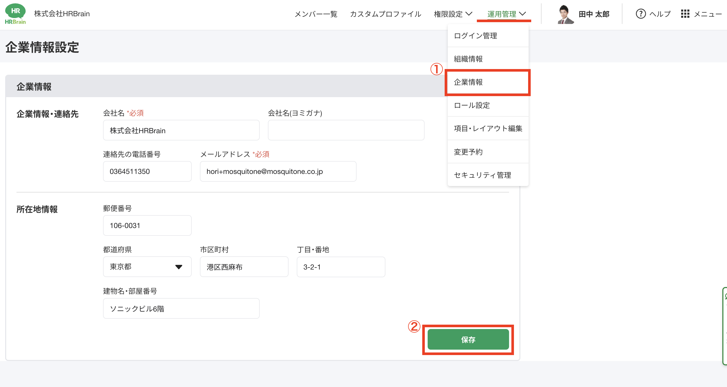 ①ナビゲーション>運用管理>[企業情報]をクリック
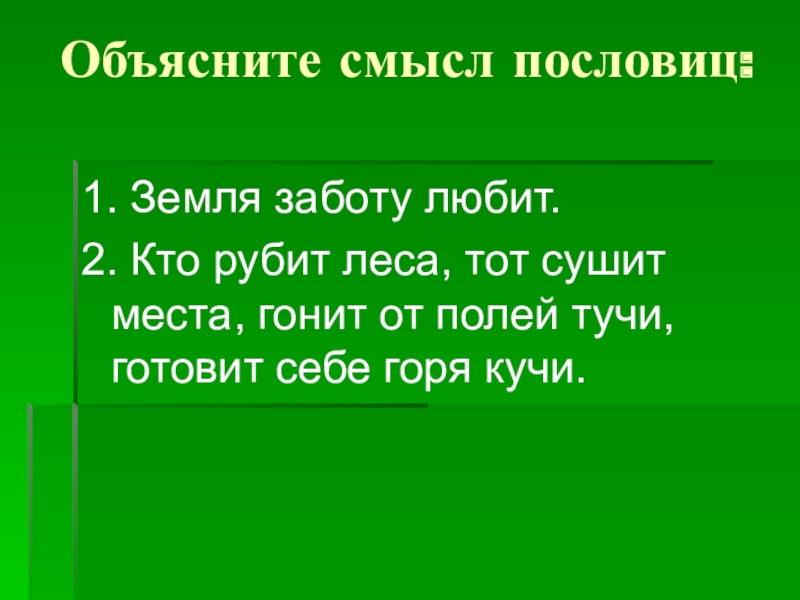 Объясните смысл пословиц: 1. Земля заботу любит.2. Кто рубит леса, тот сушит места, гонит от полей тучи,
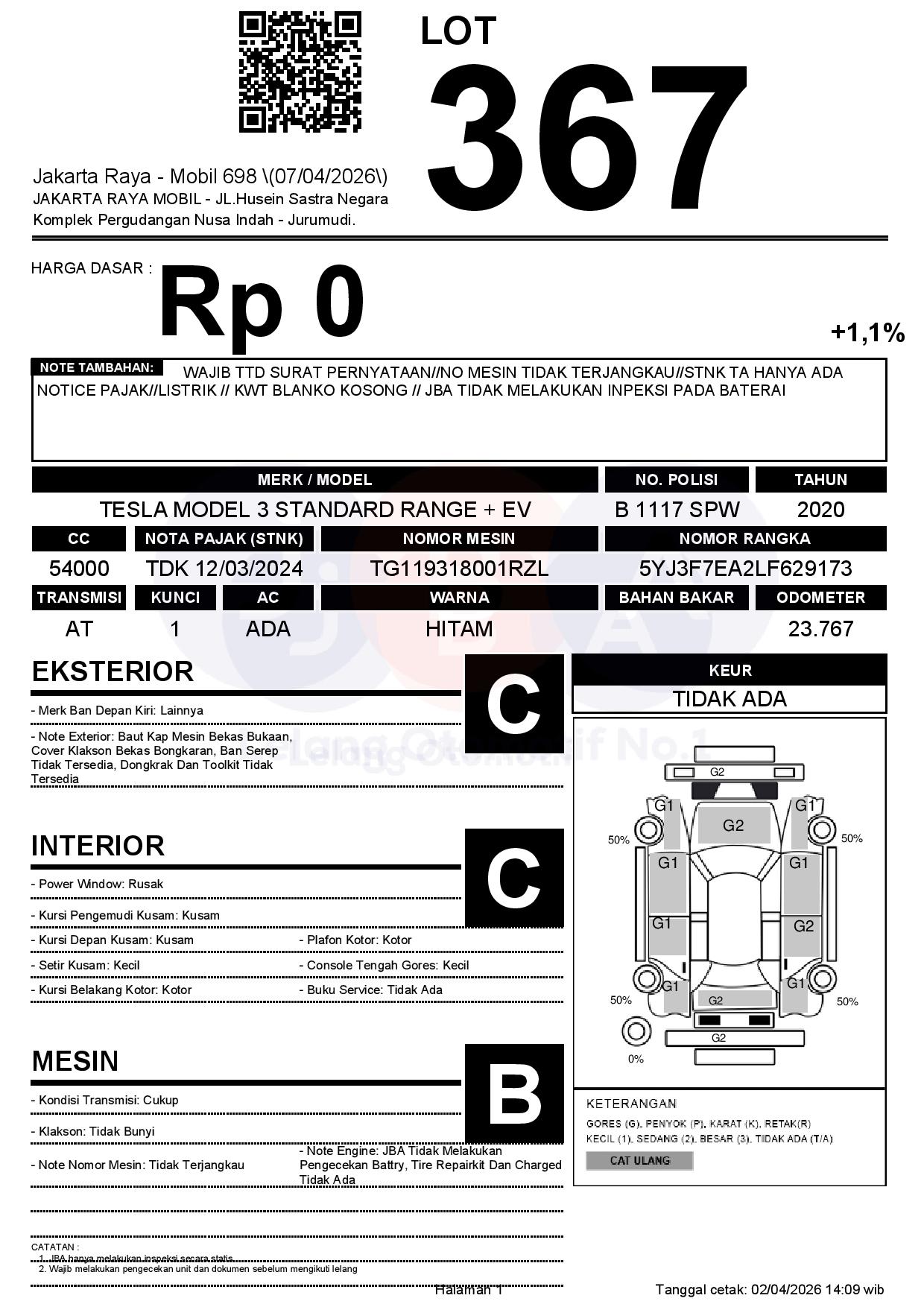 WAJIB TTD SURAT PERNYATAAN//NO MESIN TIDAK TERJANGKAU//STNK TA HANYA ADA NOTICE PAJAK//LISTRIK // KWT BLANKO KOSONG // JBA TIDAK MELAKUKAN INPEKSI PADA BATERAI

• [DESCRIPTION OF THE TASK]:
Write the lines from the one containing "Объясните смысл пословиц: 1." through the end of the data above exactly as they appear, and do not carry over any picture.

• [SOLUTION TO THIS TASK]:
 Объясните смысл пословиц: 1. Земля заботу любит.2. Кто рубит леса, тот сушит места, гонит от полей тучи,
 WAJIB TTD SURAT PERNYATAAN//NO MESIN TIDAK TERJANGKAU//STNK TA HANYA ADA NOTICE PAJAK//LISTRIK // KWT BLANKO KOSONG // JBA TIDAK MELAKUKAN INPEKSI PADA BATERAI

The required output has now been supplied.